Records from a collection:
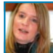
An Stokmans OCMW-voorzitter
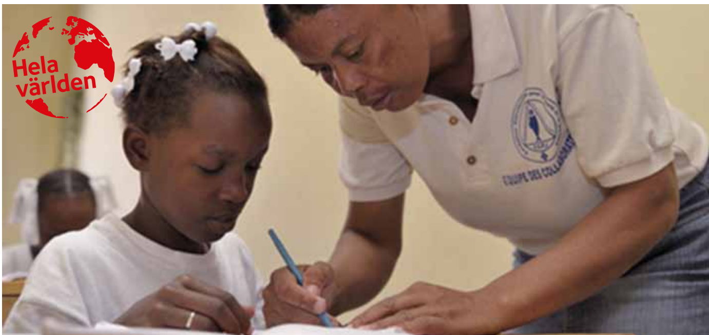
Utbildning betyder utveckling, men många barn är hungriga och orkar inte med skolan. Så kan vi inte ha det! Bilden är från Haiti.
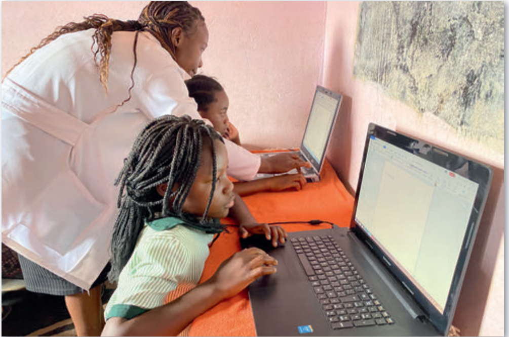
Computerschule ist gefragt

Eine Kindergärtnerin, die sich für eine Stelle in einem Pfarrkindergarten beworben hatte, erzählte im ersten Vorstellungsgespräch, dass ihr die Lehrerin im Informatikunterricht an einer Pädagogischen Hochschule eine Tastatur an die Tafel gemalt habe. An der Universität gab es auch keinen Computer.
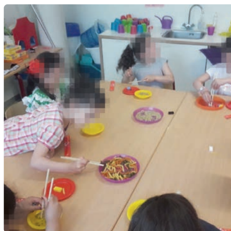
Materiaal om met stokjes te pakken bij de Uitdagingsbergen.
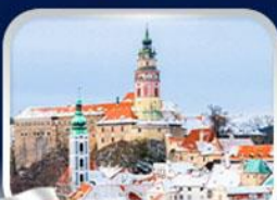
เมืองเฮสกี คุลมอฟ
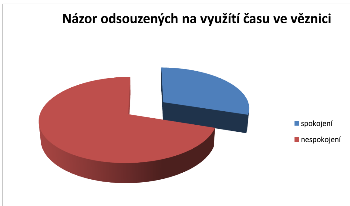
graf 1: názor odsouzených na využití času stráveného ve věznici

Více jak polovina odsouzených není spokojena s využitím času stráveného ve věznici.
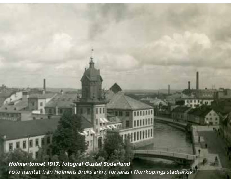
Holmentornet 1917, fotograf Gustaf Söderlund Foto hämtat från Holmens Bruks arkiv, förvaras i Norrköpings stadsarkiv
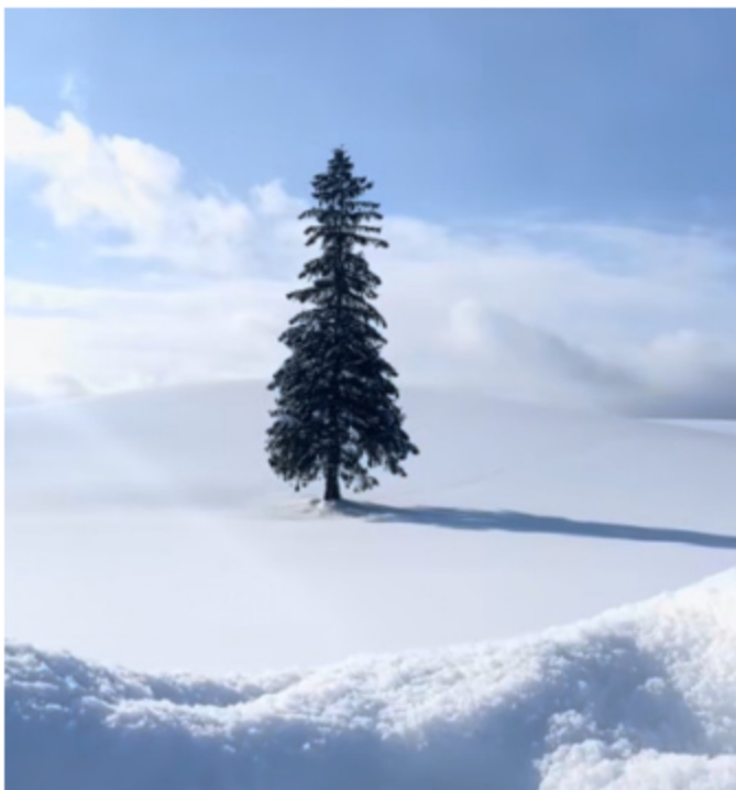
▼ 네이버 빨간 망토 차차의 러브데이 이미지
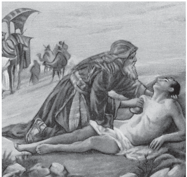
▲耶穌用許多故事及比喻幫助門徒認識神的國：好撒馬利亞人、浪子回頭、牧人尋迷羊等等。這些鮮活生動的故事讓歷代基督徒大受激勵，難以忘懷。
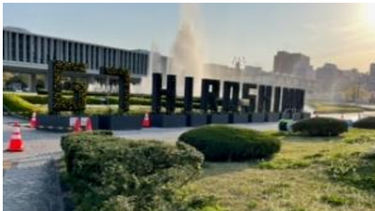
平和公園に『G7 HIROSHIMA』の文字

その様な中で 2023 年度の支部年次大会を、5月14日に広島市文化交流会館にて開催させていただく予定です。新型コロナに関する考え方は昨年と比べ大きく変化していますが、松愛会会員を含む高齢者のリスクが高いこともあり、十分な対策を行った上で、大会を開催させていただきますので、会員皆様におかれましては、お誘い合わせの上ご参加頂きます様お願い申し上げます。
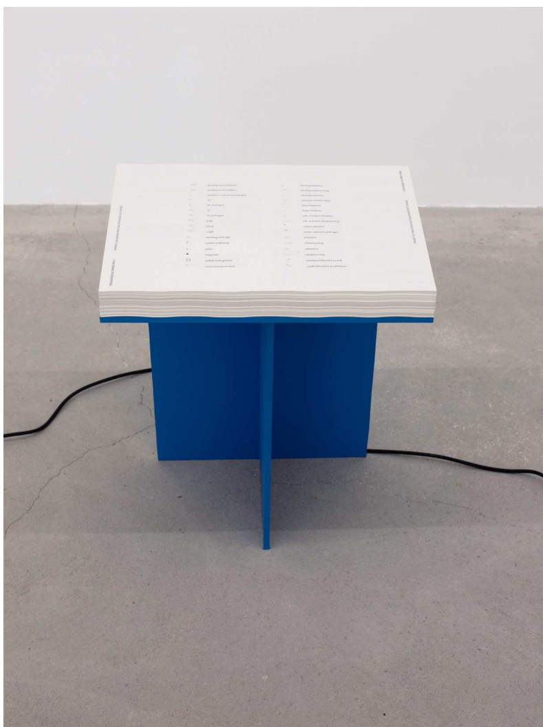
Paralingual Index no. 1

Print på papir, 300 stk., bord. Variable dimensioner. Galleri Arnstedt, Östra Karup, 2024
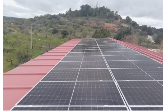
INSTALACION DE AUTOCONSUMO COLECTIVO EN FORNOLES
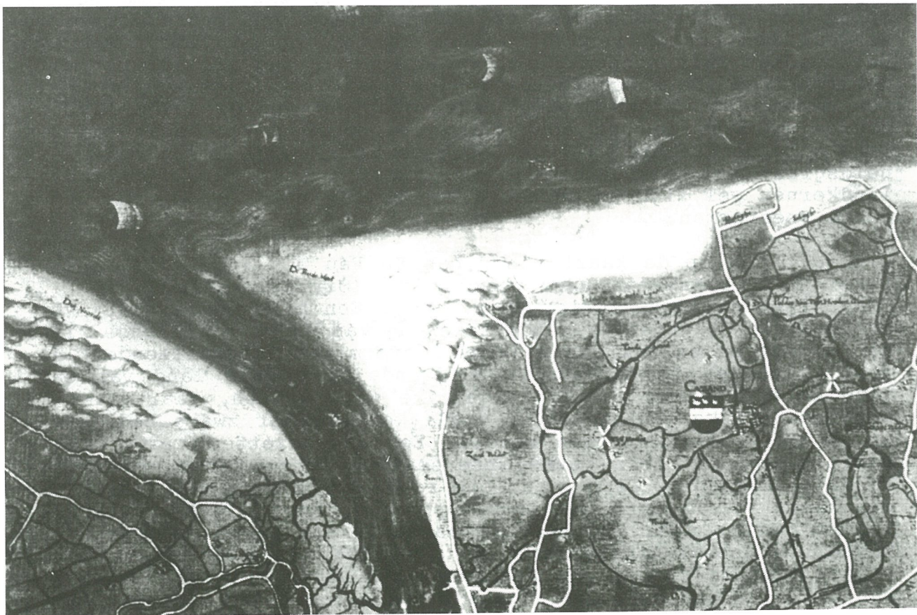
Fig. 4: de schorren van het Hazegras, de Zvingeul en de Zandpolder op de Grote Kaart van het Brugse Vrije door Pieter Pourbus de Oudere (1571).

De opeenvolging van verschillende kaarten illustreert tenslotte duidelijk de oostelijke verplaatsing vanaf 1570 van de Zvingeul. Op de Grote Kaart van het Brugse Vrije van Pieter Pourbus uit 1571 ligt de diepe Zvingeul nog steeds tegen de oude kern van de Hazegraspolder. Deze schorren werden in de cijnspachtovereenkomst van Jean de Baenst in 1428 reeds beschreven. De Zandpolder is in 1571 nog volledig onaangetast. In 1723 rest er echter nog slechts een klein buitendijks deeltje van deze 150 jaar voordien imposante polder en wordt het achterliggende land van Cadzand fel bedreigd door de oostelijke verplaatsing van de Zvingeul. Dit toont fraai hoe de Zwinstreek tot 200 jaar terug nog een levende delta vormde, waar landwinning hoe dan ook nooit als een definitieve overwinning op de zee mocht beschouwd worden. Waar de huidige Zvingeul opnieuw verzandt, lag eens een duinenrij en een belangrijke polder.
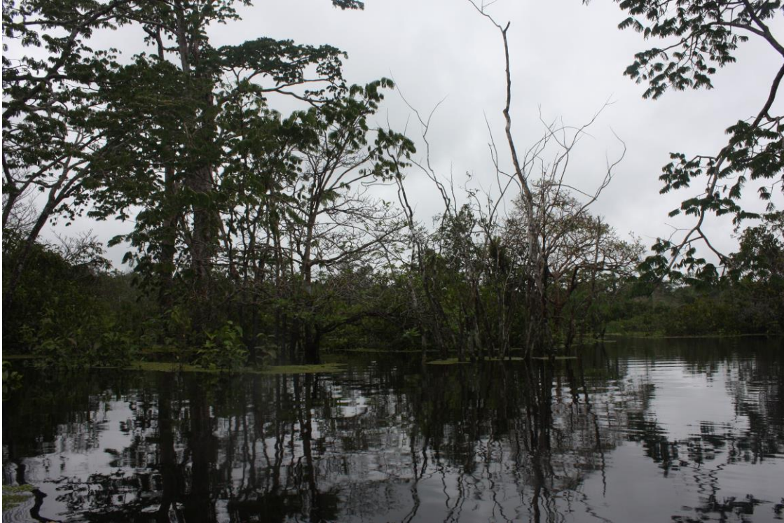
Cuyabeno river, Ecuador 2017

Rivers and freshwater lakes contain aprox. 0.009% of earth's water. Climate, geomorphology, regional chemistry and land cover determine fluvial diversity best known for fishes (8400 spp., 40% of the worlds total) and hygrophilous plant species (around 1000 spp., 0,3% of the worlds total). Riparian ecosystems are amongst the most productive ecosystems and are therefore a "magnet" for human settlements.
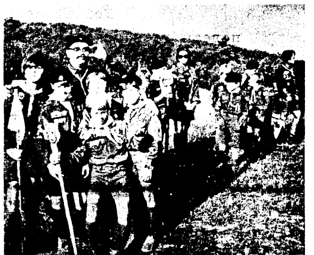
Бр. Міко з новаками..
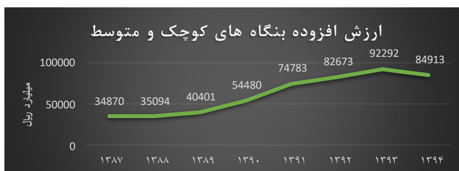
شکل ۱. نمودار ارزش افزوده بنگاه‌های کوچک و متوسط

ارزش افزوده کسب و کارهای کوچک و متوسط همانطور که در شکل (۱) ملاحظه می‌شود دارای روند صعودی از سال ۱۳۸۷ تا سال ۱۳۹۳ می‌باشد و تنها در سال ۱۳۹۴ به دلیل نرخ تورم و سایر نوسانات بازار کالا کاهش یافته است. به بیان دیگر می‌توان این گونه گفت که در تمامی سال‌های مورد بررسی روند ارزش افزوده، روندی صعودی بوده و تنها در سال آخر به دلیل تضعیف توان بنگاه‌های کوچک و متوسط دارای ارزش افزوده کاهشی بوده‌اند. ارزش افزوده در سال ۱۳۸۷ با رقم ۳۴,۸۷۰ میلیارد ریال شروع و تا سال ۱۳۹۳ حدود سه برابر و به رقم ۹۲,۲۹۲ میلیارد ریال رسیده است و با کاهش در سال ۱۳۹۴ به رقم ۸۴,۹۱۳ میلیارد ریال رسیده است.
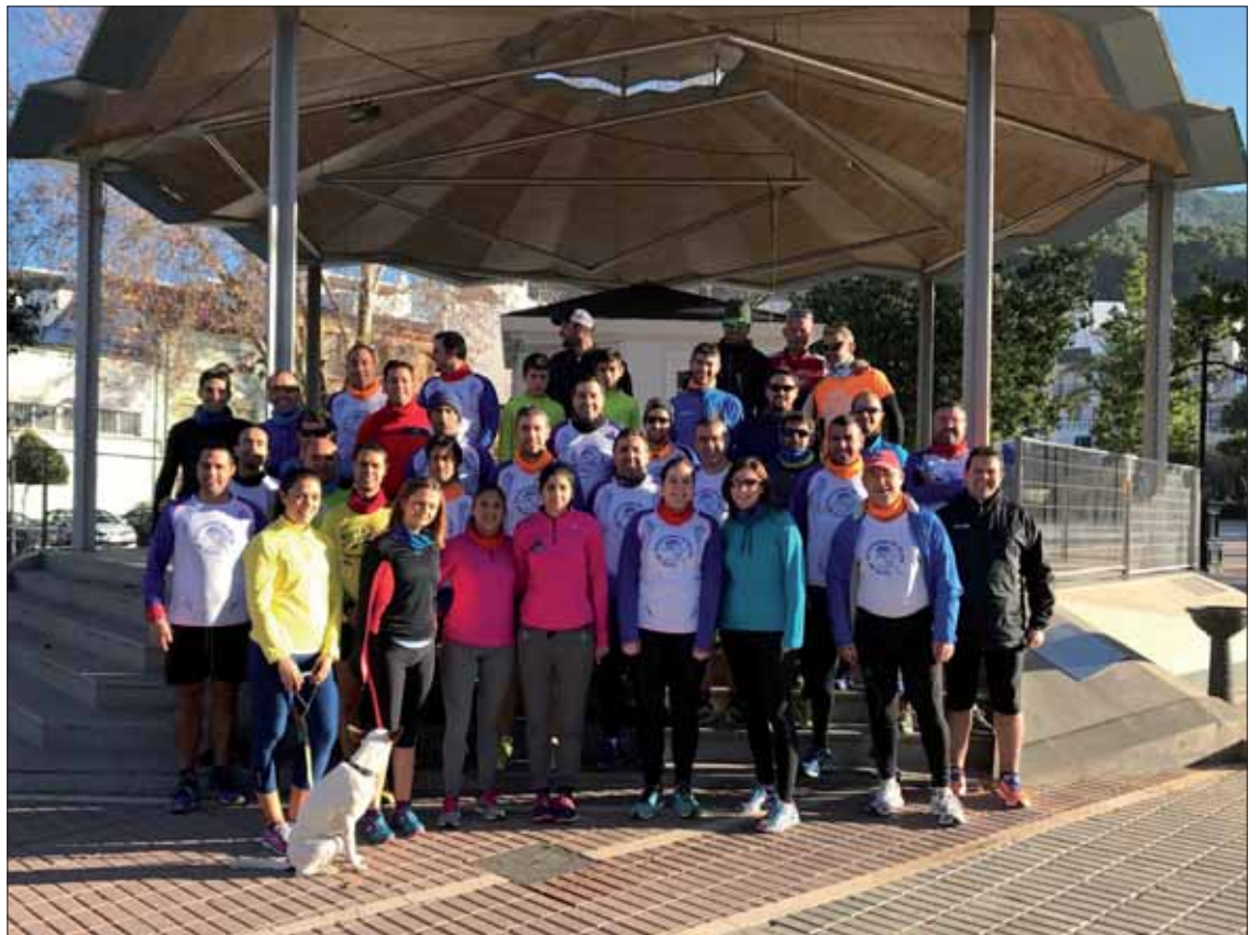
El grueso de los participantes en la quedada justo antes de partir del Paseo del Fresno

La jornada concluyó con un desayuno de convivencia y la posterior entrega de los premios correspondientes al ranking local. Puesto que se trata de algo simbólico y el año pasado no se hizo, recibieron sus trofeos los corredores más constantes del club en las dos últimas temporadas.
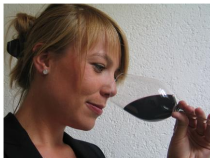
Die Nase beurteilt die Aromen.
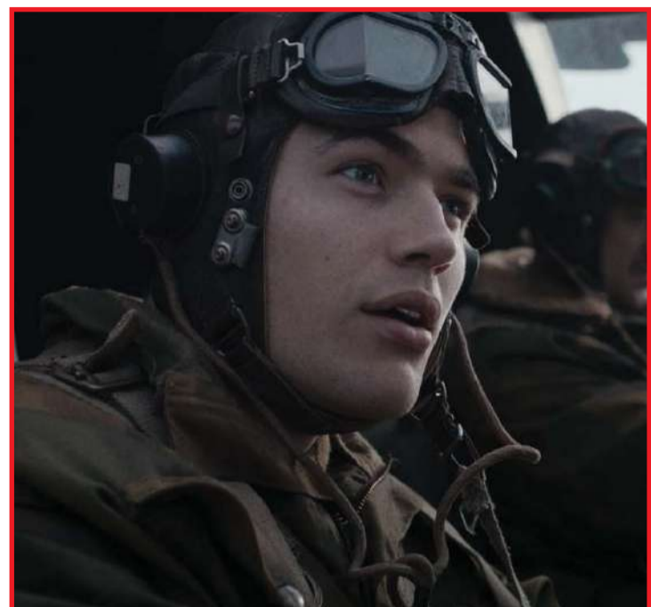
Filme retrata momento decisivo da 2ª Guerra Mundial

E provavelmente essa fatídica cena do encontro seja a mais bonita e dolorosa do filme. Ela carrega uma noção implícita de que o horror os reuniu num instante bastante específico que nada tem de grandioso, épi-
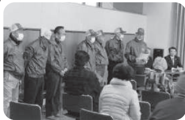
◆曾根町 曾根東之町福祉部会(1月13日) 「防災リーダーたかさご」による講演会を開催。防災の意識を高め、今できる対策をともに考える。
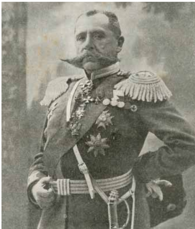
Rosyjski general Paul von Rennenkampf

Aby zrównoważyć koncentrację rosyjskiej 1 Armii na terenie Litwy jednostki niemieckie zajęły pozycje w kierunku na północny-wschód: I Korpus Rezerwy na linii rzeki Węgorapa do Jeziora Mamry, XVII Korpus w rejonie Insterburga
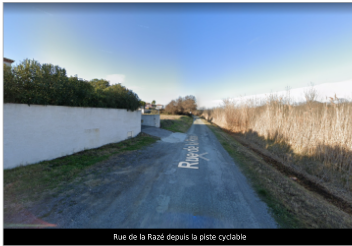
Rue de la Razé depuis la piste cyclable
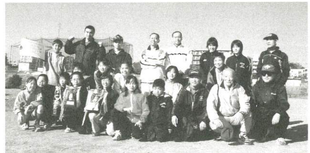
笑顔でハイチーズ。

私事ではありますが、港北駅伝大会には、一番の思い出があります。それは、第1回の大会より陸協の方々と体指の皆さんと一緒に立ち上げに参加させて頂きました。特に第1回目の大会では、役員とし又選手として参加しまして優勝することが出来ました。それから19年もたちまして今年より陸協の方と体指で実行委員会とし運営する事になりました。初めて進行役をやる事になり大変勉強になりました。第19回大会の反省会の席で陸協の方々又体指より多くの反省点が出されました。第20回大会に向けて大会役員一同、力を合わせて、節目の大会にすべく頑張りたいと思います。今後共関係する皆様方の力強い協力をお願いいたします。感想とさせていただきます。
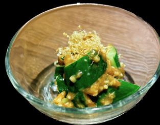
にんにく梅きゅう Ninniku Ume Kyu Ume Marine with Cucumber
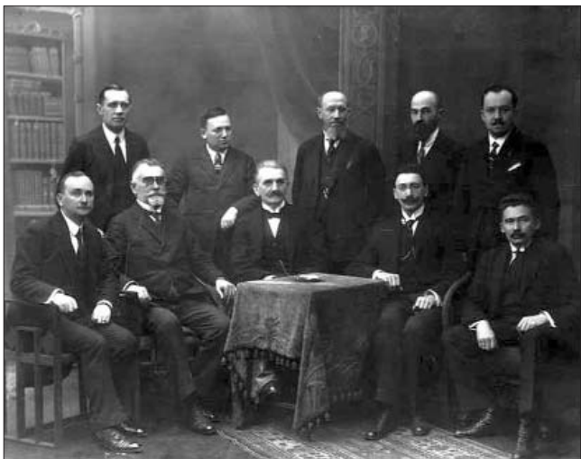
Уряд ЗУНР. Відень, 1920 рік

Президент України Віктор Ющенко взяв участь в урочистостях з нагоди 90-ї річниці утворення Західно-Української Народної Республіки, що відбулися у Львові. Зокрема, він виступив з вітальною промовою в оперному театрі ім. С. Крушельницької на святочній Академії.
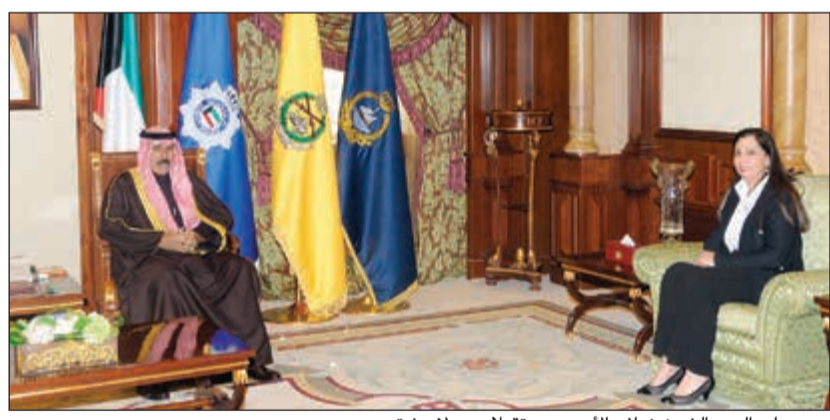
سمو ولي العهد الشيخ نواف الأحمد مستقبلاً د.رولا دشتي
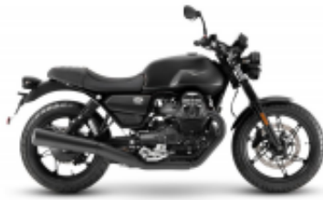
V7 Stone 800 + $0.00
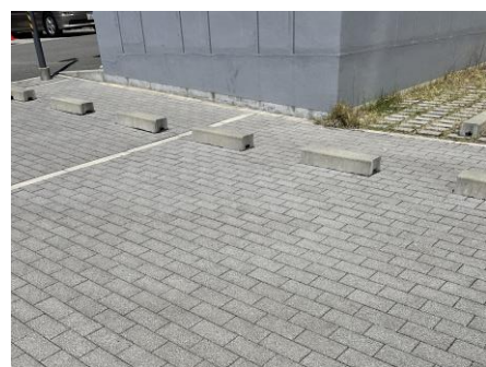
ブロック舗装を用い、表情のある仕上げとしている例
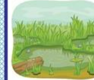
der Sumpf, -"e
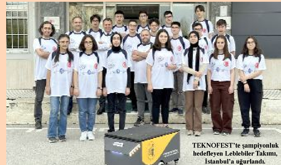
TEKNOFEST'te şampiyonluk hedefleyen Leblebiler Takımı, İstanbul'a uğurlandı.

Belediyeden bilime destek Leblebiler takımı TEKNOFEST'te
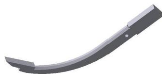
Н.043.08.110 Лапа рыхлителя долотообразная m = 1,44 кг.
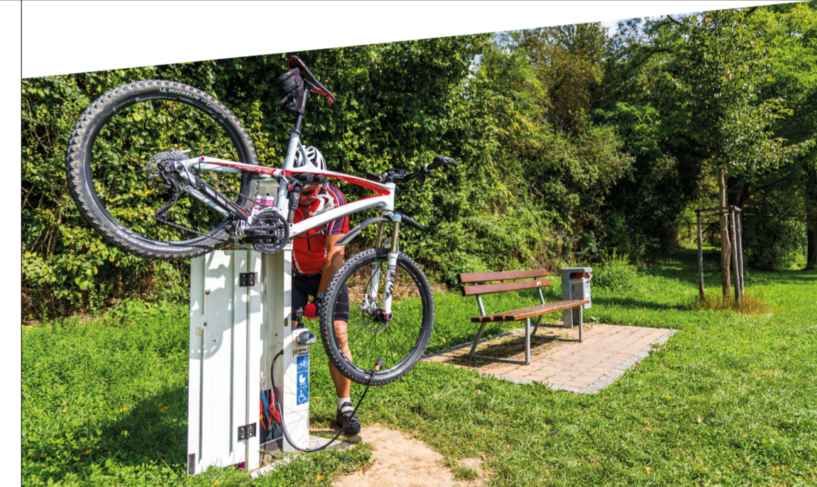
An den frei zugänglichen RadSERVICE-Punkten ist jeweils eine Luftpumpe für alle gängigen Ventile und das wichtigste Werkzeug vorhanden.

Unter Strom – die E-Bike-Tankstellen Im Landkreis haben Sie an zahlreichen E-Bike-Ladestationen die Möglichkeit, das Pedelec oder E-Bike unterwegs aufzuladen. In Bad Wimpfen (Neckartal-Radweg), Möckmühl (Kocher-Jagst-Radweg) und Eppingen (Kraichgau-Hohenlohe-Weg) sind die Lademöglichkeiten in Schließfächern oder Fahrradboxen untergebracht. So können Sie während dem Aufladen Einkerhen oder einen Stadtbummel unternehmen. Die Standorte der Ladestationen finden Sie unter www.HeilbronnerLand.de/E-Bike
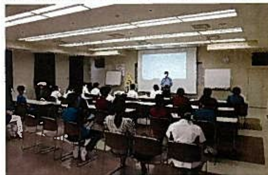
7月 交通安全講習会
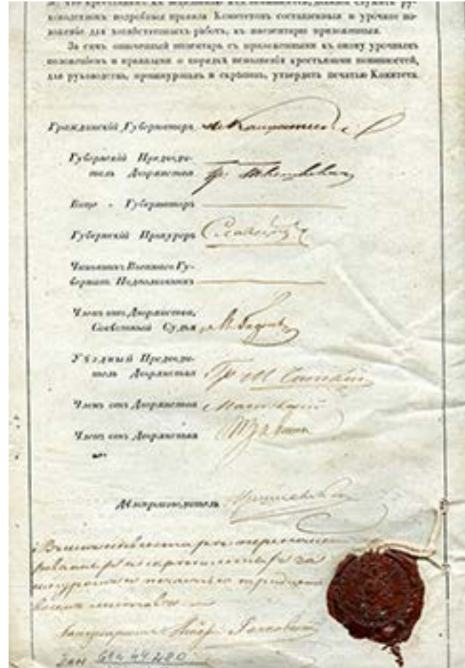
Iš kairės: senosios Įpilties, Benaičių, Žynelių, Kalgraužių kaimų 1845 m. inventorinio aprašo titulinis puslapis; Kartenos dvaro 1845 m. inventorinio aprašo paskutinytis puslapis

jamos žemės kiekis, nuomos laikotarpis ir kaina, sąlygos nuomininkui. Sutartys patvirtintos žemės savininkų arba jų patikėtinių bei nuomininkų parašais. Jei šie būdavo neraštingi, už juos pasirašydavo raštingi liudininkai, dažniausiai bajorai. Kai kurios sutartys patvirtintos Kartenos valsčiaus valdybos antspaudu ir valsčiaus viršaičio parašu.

**EXERCISE GOAL:** Where a picture appears in the records above, omit it, and transcribe exactly the stretch of lines from the one with "Rue de la Razé depuis la piste cyclable" through the one with "Iš kairės: senosios".

**SOLVED EXERCISE:**
Rue de la Razé depuis la piste cyclable
笑顔でハイチーズ。

私事ではありますが、港北駅伝大会には、一番の思い出があります。それは、第1回の大会より陸協の方々と体指の皆さんと一緒に立ち上げに参加させて頂きました。特に第1回目の大会では、役員とし又選手として参加しまして優勝することが出来ました。それから19年もたちまして今年より陸協の方と体指で実行委員会とし運営する事になりました。初めて進行役をやる事になり大変勉強になりました。第19回大会の反省会の席で陸協の方々又体指より多くの反省点が出されました。第20回大会に向けて大会役員一同、力を合わせて、節目の大会にすべく頑張りたいと思います。今後共関係する皆様方の力強い協力をお願いいたします。感想とさせていただきます。
にんにく梅きゅう Ninniku Ume Kyu Ume Marine with Cucumber
Уряд ЗУНР. Відень, 1920 рік

Президент України Віктор Ющенко взяв участь в урочистостях з нагоди 90-ї річниці утворення Західно-Української Народної Республіки, що відбулися у Львові. Зокрема, він виступив з вітальною промовою в оперному театрі ім. С. Крушельницької на святочній Академії.
سمو ولي العهد الشيخ نواف الأحمد مستقبلاً د.رولا دشتي
V7 Stone 800 + $0.00
ブロック舗装を用い、表情のある仕上げとしている例
der Sumpf, -"e
TEKNOFEST'te şampiyonluk hedefleyen Leblebiler Takımı, İstanbul'a uğurlandı.

Belediyeden bilime destek Leblebiler takımı TEKNOFEST'te
Н.043.08.110 Лапа рыхлителя долотообразная m = 1,44 кг.
An den frei zugänglichen RadSERVICE-Punkten ist jeweils eine Luftpumpe für alle gängigen Ventile und das wichtigste Werkzeug vorhanden.

Unter Strom – die E-Bike-Tankstellen Im Landkreis haben Sie an zahlreichen E-Bike-Ladestationen die Möglichkeit, das Pedelec oder E-Bike unterwegs aufzuladen. In Bad Wimpfen (Neckartal-Radweg), Möckmühl (Kocher-Jagst-Radweg) und Eppingen (Kraichgau-Hohenlohe-Weg) sind die Lademöglichkeiten in Schließfächern oder Fahrradboxen untergebracht. So können Sie während dem Aufladen Einkerhen oder einen Stadtbummel unternehmen. Die Standorte der Ladestationen finden Sie unter www.HeilbronnerLand.de/E-Bike
7月 交通安全講習会
Iš kairės: senosios Įpilties, Benaičių, Žynelių, Kalgraužių kaimų 1845 m. inventorinio aprašo titulinis puslapis; Kartenos dvaro 1845 m. inventorinio aprašo paskutinytis puslapis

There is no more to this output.